そう言いながら虹子は勇がポケットに突っ込んでいる右腕に自分の左腕を絡ませた。

「おっ」と勇は小さく驚いた。

「ふふ、腕を組むのもずいぶん久しぶりね。今日は曇ってるせいかしら寒くないわね、あっ!」

「どうした?」

「洗濯ものを取り込んでこなかった」

虹子は組んでいた腕をほどいて、来た道を振り返った。

「雨は降らんだろう」

「いいかしら?」

「いいさ」


 店に着いて中へ入ると店内は客で満員のようだった。待ち合わせ用のソファーにも2、3組の家族連れが腰かけている。

「多いなあ。どこかほかへ行くか?」

「お二人さまですか?」

若い女性店員が虹子に近寄って来て声をかけた。

「お父さん、カウンターなら空いてるって」

「じゃそうしよう」


 食事をすますと会計を終えて勇と虹子は入口のドアの前に立った。自動ドアが開くと軒下に掛けてある暖簾のれんがハタハタと店内側になびいた。勇がそれを虹子に示した。

「ほら、うちと同じだ」

「ほんと。外と中のバランスを取ろうとしてるのね」

虹子は細かく震える暖簾をそっと指でつまんだ。流れ込む春の夜気が娘の萌愛にもさちをもたらしてくれるように思われた。

「お父さん、この先のコンビニに寄りましょ」

「何か買うのか?」

「タコ焼き。今日はひな祭りだから」

「ひな祭りに付き物なのは桜餅だろう」

「わたし的にはひな祭りの思い出はタコ焼きなの」


 回転寿司店を出て歩き始めた虹子は空を仰いだ。

「あら、雨?」

勇も手のひらを上にして空を見上げた。

「降ってるのかどうかよく分からないな。

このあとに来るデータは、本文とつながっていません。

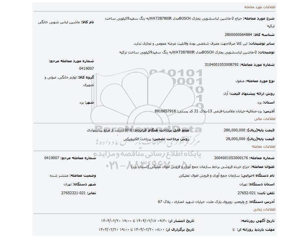 مزایده عمومی مزایده 2-ماشین لباسشویی بمارک BOSCHمدل WAT28780IRبه رنگ سفید9کیلویی ساخت ترکیه برگزار میگردد. از کلیه افراد متخصص و شرکت‌های واجد شرایط دعوت به عمل می‌آید تا در این مزایده با کد خبرگزاری پارس نماد : 8994941 شرکت نمایند تاریخ شروع مزایده : 1404/02/17 مهلت شرکت در مزایده: تا پایان روز 1404/02/20 مکان برگزاری اموال واگذاری استان‌های یزد و دسته‌بندی‌های مربوط به این حراجی متفرقه میباشد.
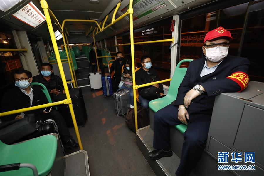 3月25日,乘客乘坐在武昌火车站综合体站始发的首趟518路公交车。 当日起,武汉市部分公交车恢复开行。 新华社记者 沈伯韩 摄

小糠雨こぬかあめだ」

「洗濯物は軒の下に吊るしてるけどこんな霧みたいな雨じゃ湿っちゃうわね」

「じゃ、先に帰って取り込んでおくよ。母さんは買い物もあるだろうしゆっくり来ればいい」

「そうしてくれると助かる」


 虹子は商店街の通りのコンビニに入った。そして冷凍のタコ焼き2パックとビニール傘を買って店を出た。傘をさして歩いているうち、泣きながらタコ焼きを食べた日のことが思い出された。あれから30数年、もう我が家は大丈夫だろう。そう思ったとき虹子のスマホが鳴った。娘の萌愛からのメールでゴールデンウイークの帰省の連絡だった。しかしメールの文面は虹子と勇に必ず家にいてくれと念を押すことから始まり長々と続いていた。読んでいる虹子の足取りがしだいに速さを増した。

「ただいま!」

家に帰り着くと虹子は靴を子供みたいに脱ぎ散らかしてリビングに駆け込んだ。